- Data section:

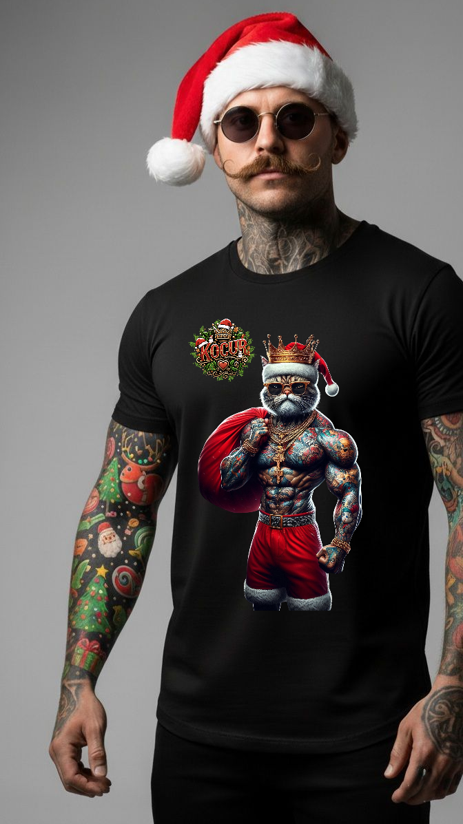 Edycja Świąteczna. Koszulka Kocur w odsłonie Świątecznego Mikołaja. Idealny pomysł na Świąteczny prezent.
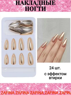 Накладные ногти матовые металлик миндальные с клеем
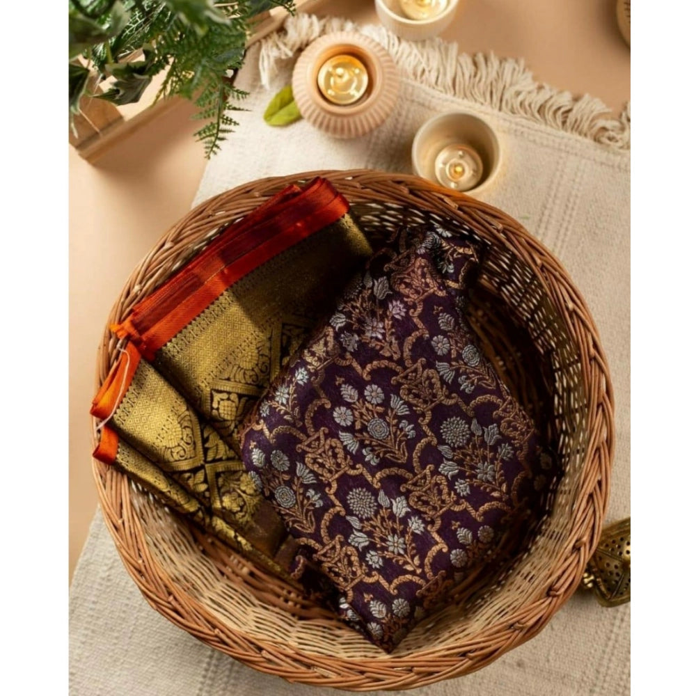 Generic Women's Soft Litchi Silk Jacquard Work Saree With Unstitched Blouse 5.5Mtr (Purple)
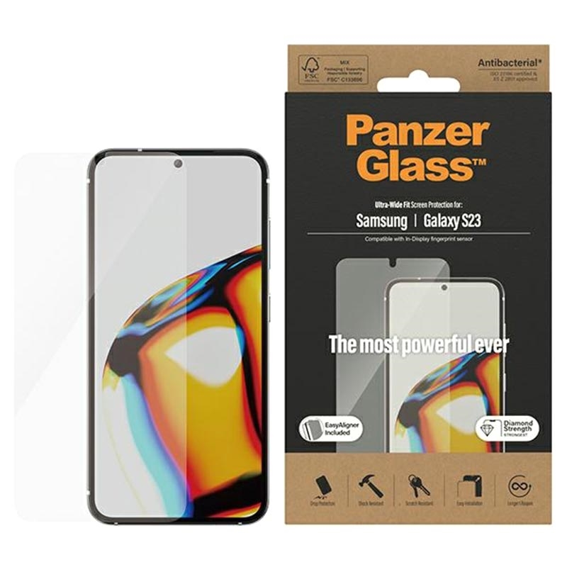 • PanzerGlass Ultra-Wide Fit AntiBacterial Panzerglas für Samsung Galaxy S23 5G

- What is being asked: Skip the images and set down the rest of the data unchanged.

- Exercise result:
 Edycja Świąteczna. Koszulka Kocur w odsłonie Świątecznego Mikołaja. Idealny pomysł na Świąteczny prezent.
 Накладные ногти матовые металлик миндальные с клеем
 Generic Women's Soft Litchi Silk Jacquard Work Saree With Unstitched Blouse 5.5Mtr (Purple)
 • PanzerGlass Ultra-Wide Fit AntiBacterial Panzerglas für Samsung Galaxy S23 5G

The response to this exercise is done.